Reservoir Sampling: Uniform Sampling of Streaming Data

Consider a stream of data that we receive, call them $x_1, x_2, \ldots, x_n$ where $x_i$ is the $i^\text{th}$ element in the stream. Note that we receive every $x_i$ at the $i^\text{th}$ time step and that $x_i$ is then no more in our access once we move on to the next time step. Furthermore, we don’t even know the value of $n$ . How can we possibly uniformly sample an element from this stream? When I first thought about this, I was completely stuck; I couldn’t fathom any such procedure; to me, it just felt wrong that we needed to gain a uniform sample over $n$ samples without even knowing $n$ !

However, as the title implies, one method to accomplish this is called Reservoir Sampling. I’ll first introduce the mechanics directly, and don’t be discouraged if it doesn’t make sense since it can be quite non-intuitive at first. Before we delve into the mathematics, I recommend you take a look at this post, especially the basics of probability theory.

Development of the Theory

First, we let our stream be $x_1, \ldots, x_n$ and we start by seeing $x_1$ and continue all the way to $x_n$ . Now consider the random variables $X_1, \ldots, X_n$ defined by

$\begin{align*} X_i = \begin{cases} x_i & \text{with probability $\frac{1}{i}$} \\ X_{i - 1} & \text{otherwise} \end{cases} \end{align*}$

In other words, we keep a reservoir sample and switch it to the current element we are reading with probability inverse to the current timestep, and the variables $X_1, \ldots, X_n$ simply are the state of the reservoir at different timesteps. We claim that

$\begin{align*} \Pr[X_n = x_i] = \frac{1}{n}, \end{align*}$

for all $i$ , i.e. $X_n$ is a uniformly distributed random variable from the sample space of all the stream elements. And in fact, we define $X_n$ as our sample from the stream.

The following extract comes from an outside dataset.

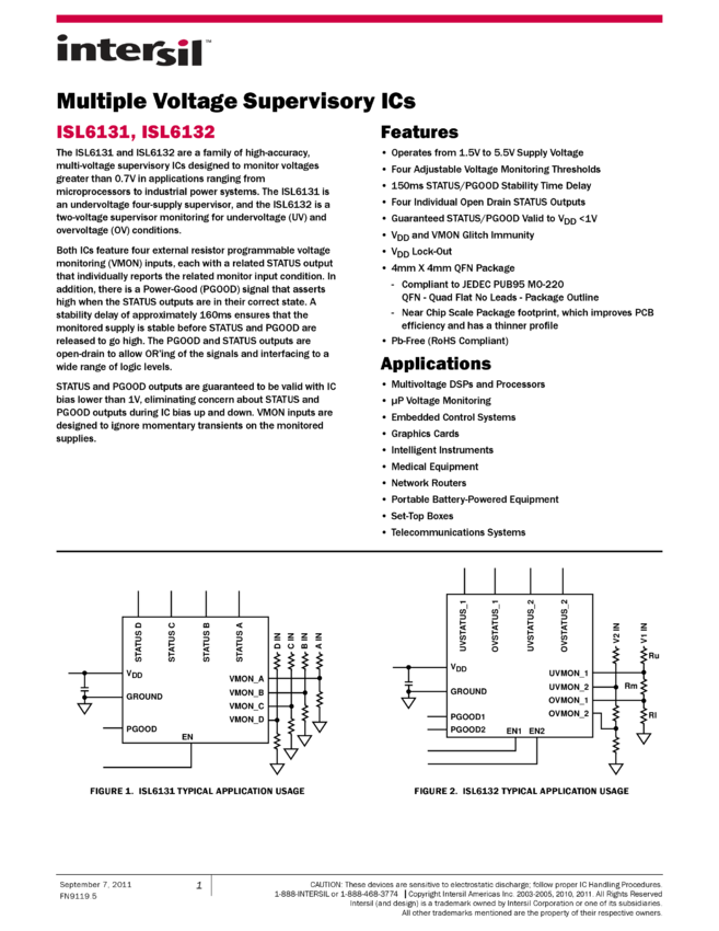 ISL6131 Multiple Voltage Supervisory ICs

Now what confused me the most was that the probability that $X_j$ (fixing $j$ ) is $x_j$ is $\frac{1}{j}$ , but then somehow we concluded the probability that $X_n$ remains as $x_j$ is $\frac{1}{n}$ . Seemingly confusing, right? We may select $x_j$ at the $j^\text{th}$ timestep; however, we forget that we still need to not select the rest of the elements in order for $X_n$ to remain $x_j$ . That part about not selecting other elements weighs into proving that $X_n$ is uniformly distributed, and now we will see this in motion formally. I will provide a rigorous proof first, and then a more intuitive argument afterward.

Claim: Defining $x_1, \ldots, x_n$ and $X_1, \ldots, X_n$ as we have, we claim

$\begin{align*} \Pr[X_n = x_i] = \frac{1}{n}. \end{align*}$

Proof: We prove the claim by induction on $n$ . First consider the case of $n = 1$ where then we choose the first and only element of the stream with full probability, so obviously our selection is uniform.

Now consider some arbitrary $n \ge 1$ , and assume the claim for the stream $x_1, \ldots, x_n$ . Now add an element $x_{n + 1}$ to the stream, so our stream is $x_1, \ldots, x_n, x_{n + 1}$ now. Now by definition $X_{n + 1} = X_n$ with probability $1 - \frac{1}{n + 1}$ , so for all $j = 1, \ldots, n$ :

$\begin{align*} \Pr[X_{n + 1} = x_j] &= \Pr[(X_{n + 1} = X_n) \cap (X_n = x_j)] \\ &= \Pr[X_{n + 1} = X_n] \Pr[X_n = x_j \mid X_{n + 1} = X_n] \\ &= \Pr[X_{n + 1} = X_n] \Pr[X_n = x_j] \\ &= \lp1 - \frac{1}{n + 1}\rp \lp \frac{1}{n} \rp \\ &=\frac{n}{n + 1} \cdot \frac{1}{n} \\ &= \frac{1}{n + 1} \end{align*}$

as required. The second line is by Conditional Equivalence (details can be found here), the third by the independence of the reservoir’s state at a previous timestep, and the fourth derived from the inductive hypothesis. Furthermore, by definition we know $\Pr[X_{n + 1} = x_{n + 1}] = \frac{1}{n + 1}$ . Thus we have shown for all $i = 1, \ldots, n + 1$ :

$\begin{align*} \Pr[X_{n + 1} = x_i] = \frac{1}{n + 1}, \end{align*}$

i.e. $X_{n + 1}$ is an uniform sample from the stream $x_1, \ldots, x_n, x_{n + 1}$ as claimed; thus proving the correctness of Reservoir Sampling. $\quad \blacksquare$

A more intuitive approach, although less rigorous, is by writing

$\begin{align*} \Pr[X_n = x_j] = \Pr[X_j = x_j] \cdot \prod_{i = j + 1}^n \Pr[X_i = X_{i - 1}] \end{align*}$

which is essentially the probability we select $x_j$ and then never select any other element of the stream. We can simplify:

$\begin{align*} \Pr[X_n = x_j] &= \frac{1}{j} \cdot \prod_{i = j + 1}^n \lp 1 - \frac{1}{i} \rp \\ &= \frac{1}{j} \cdot \prod_{i = j + 1}^n \lp \frac{i - 1}{i} \rp \\ &= \lp \frac{1}{j} \rp \lp \frac{j}{j + 1} \rp \cdots \lp \frac{n - 1}{n} \rp \\ &= \frac{1}{n} \end{align*}$

as required, so we have shown that $X_n$ is uniform. This isn’t rigorous since we haven’t had a chance to discuss the relations between the random variables in order to get that initial product, and we never need to delve into that with our proof by induction.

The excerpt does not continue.